## RECORDED DATA
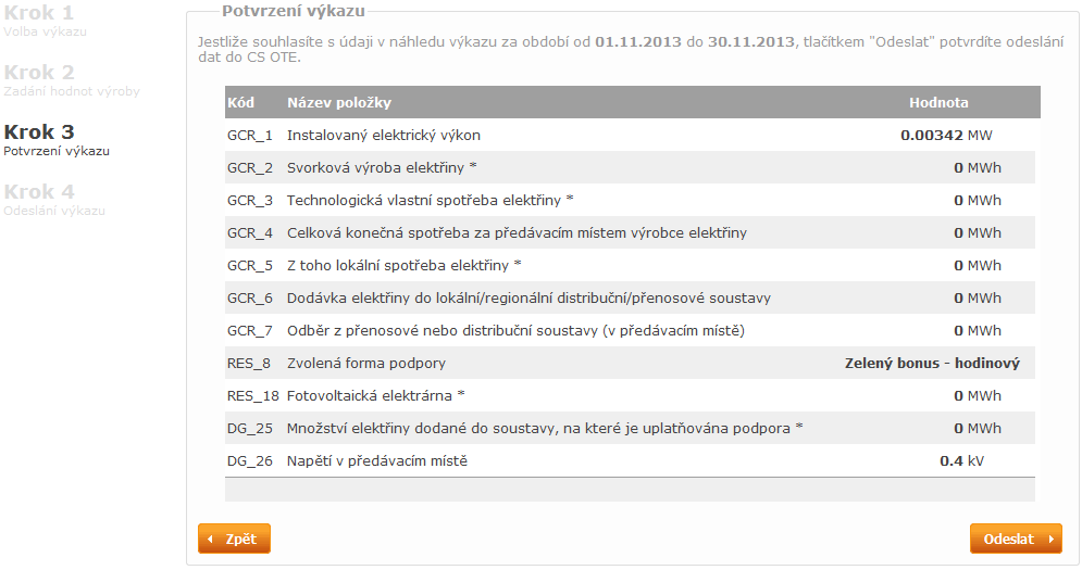ho odešlete do systému CS-OTE. V případě potřeby upravit hodnoty výkazu se vraťte tlačítkem
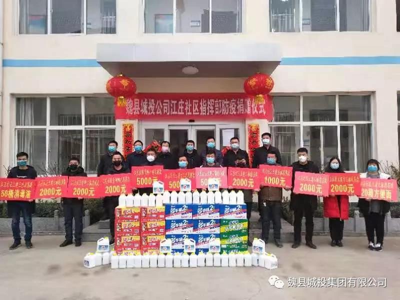 在隨后的魏縣城投公司江莊社區(qū)指揮部防疫捐贈儀式上,各標(biāo)段企業(yè)負(fù)責(zé)人共捐贈現(xiàn)金3.4萬元、消毒液50桶、方便面20箱。這些愛心企業(yè)家用行動詮釋了“重信義、敢擔(dān)當(dāng)、創(chuàng)大業(yè)、愛家鄉(xiāng)”的新時期魏縣精神。
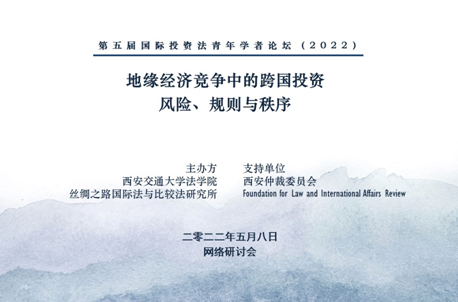 2022年5月8日,第五届国际投资法青年学者论坛顺利线上举行。本届论坛以“地缘经济竞争中的跨国投资:风险、规则与秩序”为主题,由开云足球_开云(中国)开云足球_开云(中国)丝绸之路国际法与比较法研究所主办,并由西安仲裁委员会、Foundation for Law and International Affairs Review支持。
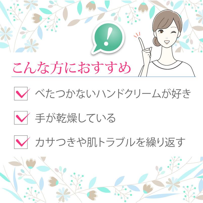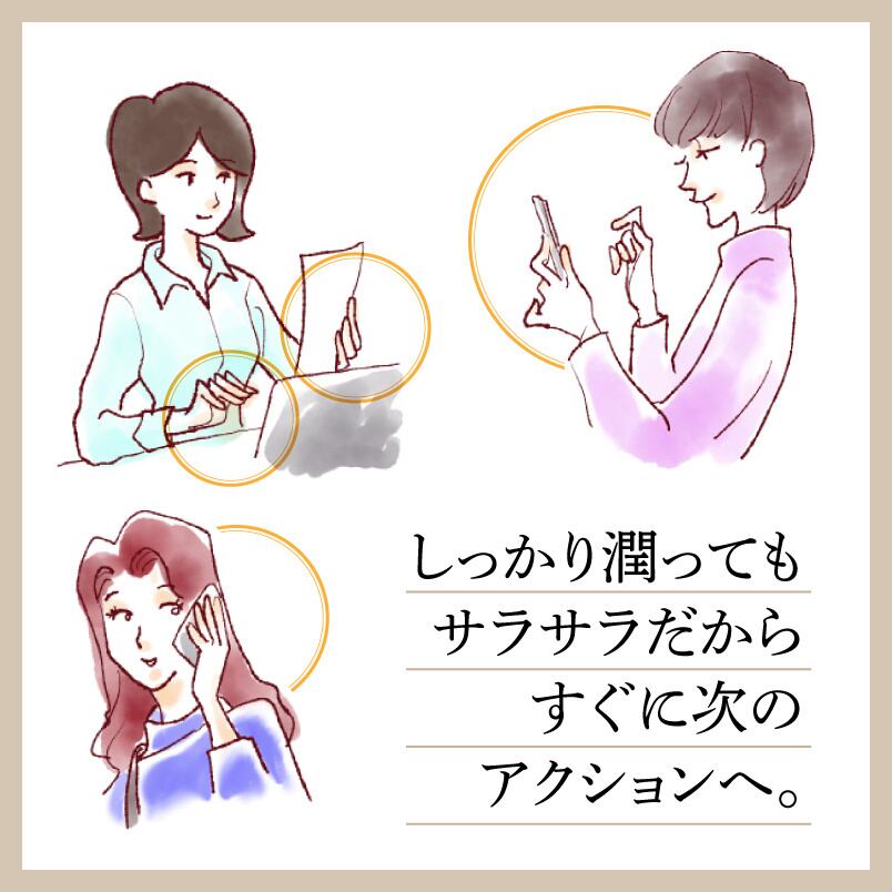 なめらかでみずみずしい手に保湿力のある植物エキスを配合。しっとりさらさらした使用感が特徴です。

## TASK TO CARRY OUT
Would you set down the listing exactly, omitting pictures?

## REPLY TO THE TASK
ho odešlete do systému CS-OTE. V případě potřeby upravit hodnoty výkazu se vraťte tlačítkem
 在隨后的魏縣城投公司江莊社區(qū)指揮部防疫捐贈儀式上,各標(biāo)段企業(yè)負(fù)責(zé)人共捐贈現(xiàn)金3.4萬元、消毒液50桶、方便面20箱。這些愛心企業(yè)家用行動詮釋了“重信義、敢擔(dān)當(dāng)、創(chuàng)大業(yè)、愛家鄉(xiāng)”的新時期魏縣精神。
 2022年5月8日,第五届国际投资法青年学者论坛顺利线上举行。本届论坛以“地缘经济竞争中的跨国投资:风险、规则与秩序”为主题,由开云足球_开云(中国)开云足球_开云(中国)丝绸之路国际法与比较法研究所主办,并由西安仲裁委员会、Foundation for Law and International Affairs Review支持。
 なめらかでみずみずしい手に保湿力のある植物エキスを配合。しっとりさらさらした使用感が特徴です。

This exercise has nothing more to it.